Lawyer and Historian Paul Lombardo to Deliver Lecture on Buck v. Priddy Court Case The Nov. 18 lecture is open to the public and marks the centenary of the case argued in Amherst County, Virginia.
Paul Lombardo, Regents’ Professor and Bobby Lee Cook Professor of Law at Georgia State University College of Law, will deliver a lecture titled “Carrie Buck on Trial: A Centennial Retrospective” at Washington and Lee University on Monday, Nov. 18 at 5:30 p.m. in Hillel 101.
Lombardo’s lecture is free and open to the public. The event is sponsored by the Frances Lewis Law Center, the Roger Mudd Center for Ethics, the Leyburn Scholars in Anthropology Program, the Department of History, the Department of Philosophy, the Department of Sociology and Anthropology and the Women, Gender & Sexuality Studies Program.
Lombardo is a leading scholar in the legal history of the American eugenics movement and has published extensively on topics in health law, medico-legal history and bioethics.
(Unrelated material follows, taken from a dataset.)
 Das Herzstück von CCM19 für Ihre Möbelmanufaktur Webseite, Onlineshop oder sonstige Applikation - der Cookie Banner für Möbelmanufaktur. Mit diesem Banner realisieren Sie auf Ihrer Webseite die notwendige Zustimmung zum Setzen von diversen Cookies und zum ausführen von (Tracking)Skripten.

From 2011 to 2016, he served as a senior adviser to the Presidential Commission for the Study of Bioethical Issues, and his work has been cited and his interviews quoted across major news outlets, including NPR, CBS and CNN.
The lecture marks the centenary of the Buck v. Priddy court case argued in Amherst County, Virginia, in 1924 — a case that evolved into the Buck v. Bell case argued before the U.S. Supreme Court in 1927 and its ruling that compulsory sterilization is in the nation’s interest.
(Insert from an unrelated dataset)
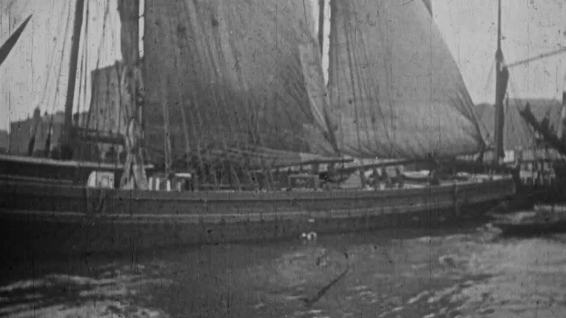 Unlike the more bucolic scenes filmed higher up the Thames in pleasant towns like Windsor or Maidenhead, this film was taken in Rotherhithe and provides a glimpse into working life on the Thames. The river is heavily populated with a number of boats, of all shapes and sizes, with the warehouses of Rotherhithe visible in the background.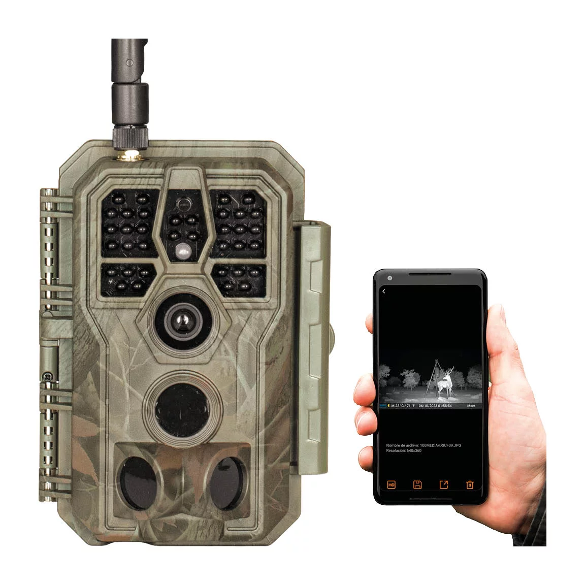 La cámara de caza GardePro X50 destaca por incorporar envío de imágenes al móvil a través de la App GardePro Mobile disponible para iOS y Android, permitiendo controlar remotamente múltiples cámaras desde la misma App y desde más de un dispositivo móvil, contando con una conexión fácil y rápida. Equipa la última e innovadora tecnología de visión nocturna inteligente, reduciendo el desenfoque y el ruido generando una mayor calidad de imagen, optimizando incluso el consumo de energía de forma eficiente, lo que la convierte en la cámara trail o trailcam perfecta para su uso en zonas sin electricidad ni Wi-Fi.

In his talk, Lombardo will discuss the Buck case, its impacts and its continuing legacies.
Enacted in 1924, Virginia’s eugenic sterilization law allowed state institutions to operate on individuals to prevent the conception of what were believed to be “genetically inferior” children. Charlottesville native Carrie Buck, who had been involuntarily committed to a state facility near Lynchburg, was the first person to be sterilized under the new law. Buck v. Bell ultimately affirmed the Virginia law and more than 8,000 Virginians were sterilized before parts of the law were repealed in 1974. In 2002, Lombardo sponsored the historical marker located in Charlottesville that commemorates the Buck v. Bell case and corrects the record of the court’s ruling.
Before joining the George State Law faculty in 2006, Lombardo taught at the University of Virginia’s School of Law and School of Medicine, where he also directed the Center for Mental Health Law at the Institute of Law, Psychiatry and Public Policy, and the Program in Law and Medicine at the Center for Biomedical Ethics. Lombardo is the author of “Three Generations, No Imbeciles: Eugenics, the Supreme Court and Buck v. Bell” (2008) and “A Century of Eugenics in America: From the Indiana Experiment to the Human Genome Era” (2011). He received his bachelor’s degree from Rockhurst College and his J.D. from the University of Virginia.